Coming in at 475 pages, this is a definite must-have for anyone interested in Aradia. The book contains a forward by Stewart Farrar and contains the original translation of the text along with a new transation of the text by Mario Passaglini, Ph. D. and Dina Passaglini. Dr. Passaglini, whose family comes from the area of Italy that the Aradia text originated from, gives a line-by-line translation to show where Leland made errors in his original translation, and he also shares his own research notes regarding the new translation. The first part of the book contains chapters which include “Charles G. Leland and the Witches of Italy: The Origin of Aradia” by Prof. Robert Mathiesen, “The Significance of Aradia” by Chas S. Clifton, “Leland and the Magical World of Aradia” by Mario Passaglini. The second part of the book contains the Pazzaglinis’ introduction, research notes, the original translation, the new translation, and a line-by-line retranslation. The third part of the book are more commentary chapters which include “Magical Principles and Practices” by Mario Pazzaglini, “The Firelfy Verses” by Mario Pazzaglini, “Enigmas of Aradia” by Robert E. Chartowich, “La Bella Strega” by Chas S. Clifton and a scan of a letter from Maddalena to Charles Leland.

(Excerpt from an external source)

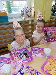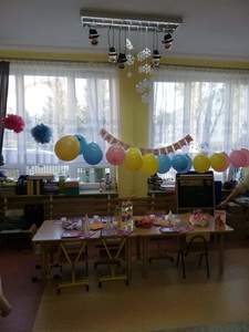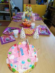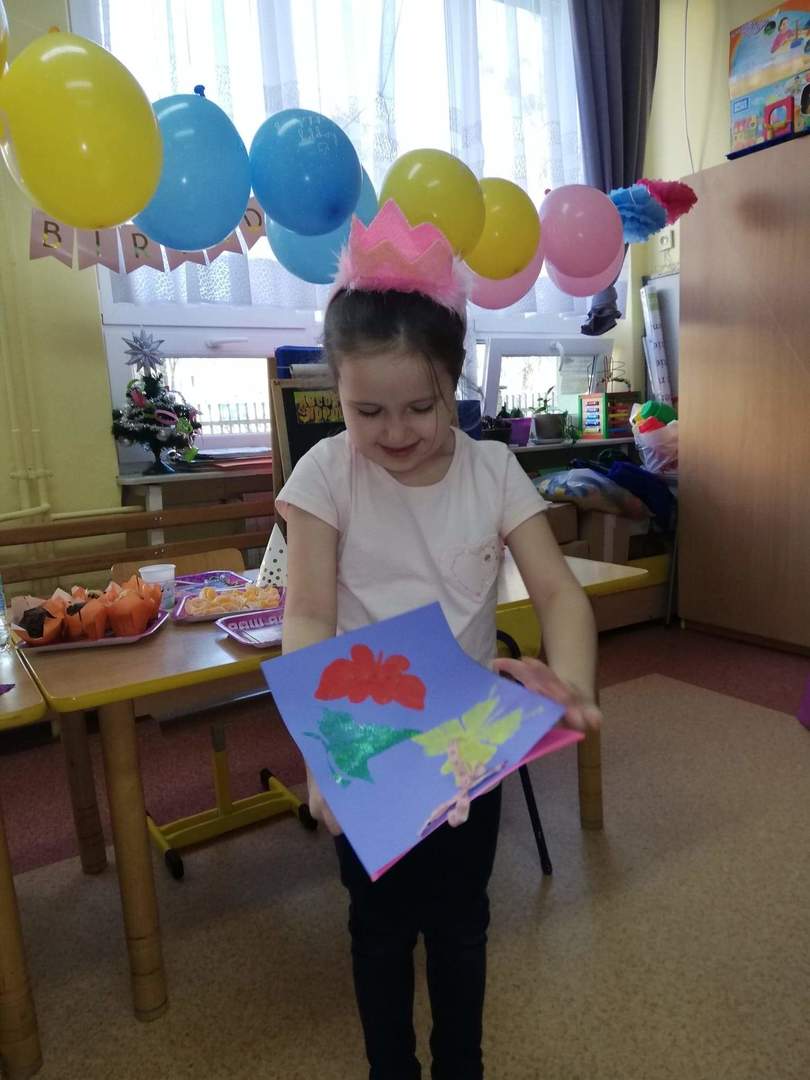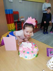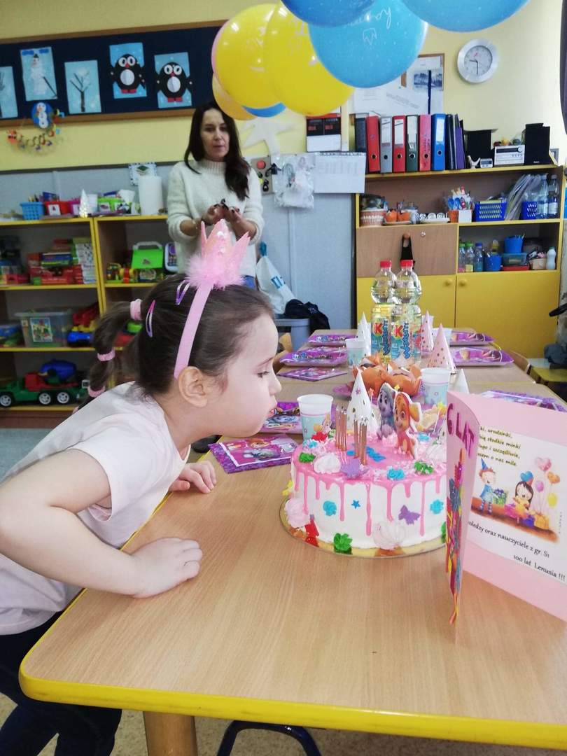 Przyjęcie urodzinowe zawsze budzi wielkie emocje u dzieci i tak dziś był u nas w przedszkolu. Jedna z dziewczynek gr. S1 Lenusia obchodziła dziś 6 urodzinki. Nie mogło zabraknąć pięknego, pysznego tortu, wspaniałych smakołyków i oczywiście pełnej kolorów dekoracji. Paleta kolorów i smaków wywołała u przedszkolaków piękny uśmiech i radość. Lenusia, niech Ci słonko ciepło gra, niech Twój uśmiech długo trwa. Nie trać swej wesołej minki, dziś są Twoje urodzinki!!!
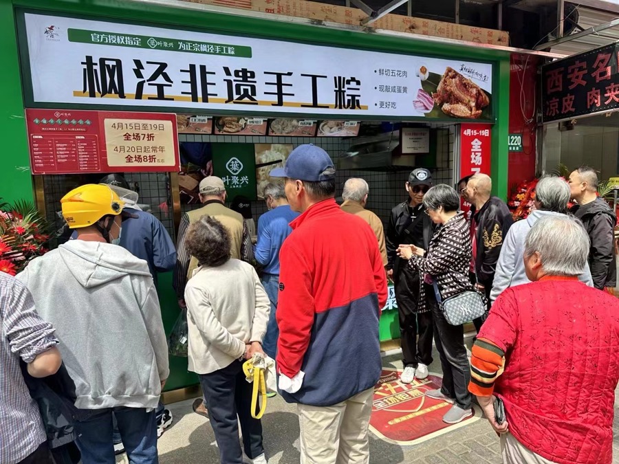 为了将枫泾粽子销往全国各地,2023年,“叶聚兴”负责人陈勋一方面扩充生产线,实现日产能突破6万只,另一方面在上海市区增加8家直营销售店,进一步增加了枫泾粽子的名气。

The Book of the Holy Strega is the research of Italian Hereditary Witch, Raven Grimassi. The book explores the lore he was passed on, his discovery of Aradia or Gospel of the Witches and all the research he’s uncovered about both. The book provides a re-write of the Aradia texts putting the book in a chronological order that makes the Aradia mythos make more sense and also provides a rewrite combining what he was passed on and what his research uncovered to try to give a more comprehensive view of what he believes the Aradia teachings are about. The book contains chapters including “Witchcraft: The Christian Makeover”, “Aradia: The Cultural Background”, “The Walnut Tree & Diana’s Witches”, “The Society of Diana”, “The New Witches’ Gospel”, “Legend of the Holy Strega”, “The Teachings of Aradia”, “Witches Without a Gospel”, and contains appendices on Leland, Maddalena, Martello, and the Book of Ways.
Probably the most approachable book on this list for a practitioner, this was the first book by Devin Hunter and is the first published book for the Sacred Fires Tradition of Witchcraft. In this book there’s a whole section on the main deity that Devin, The Sacred Fires Tradition, and Black Rose Witchcraft works with, which are the deities in the Gospel of Aradia: The Star Goddess, Diana, Dianus (or Lucifer), and Aradia. This section gives a fantastic modern view of these deities as well as invocations, rituals, ways to tune into the frequencies of these deities and connect with them on a personal level, and ways to maintain a relationship with them. The book itself is focused on the main message of Aradia, which is that of personal empowerment through witchcraft.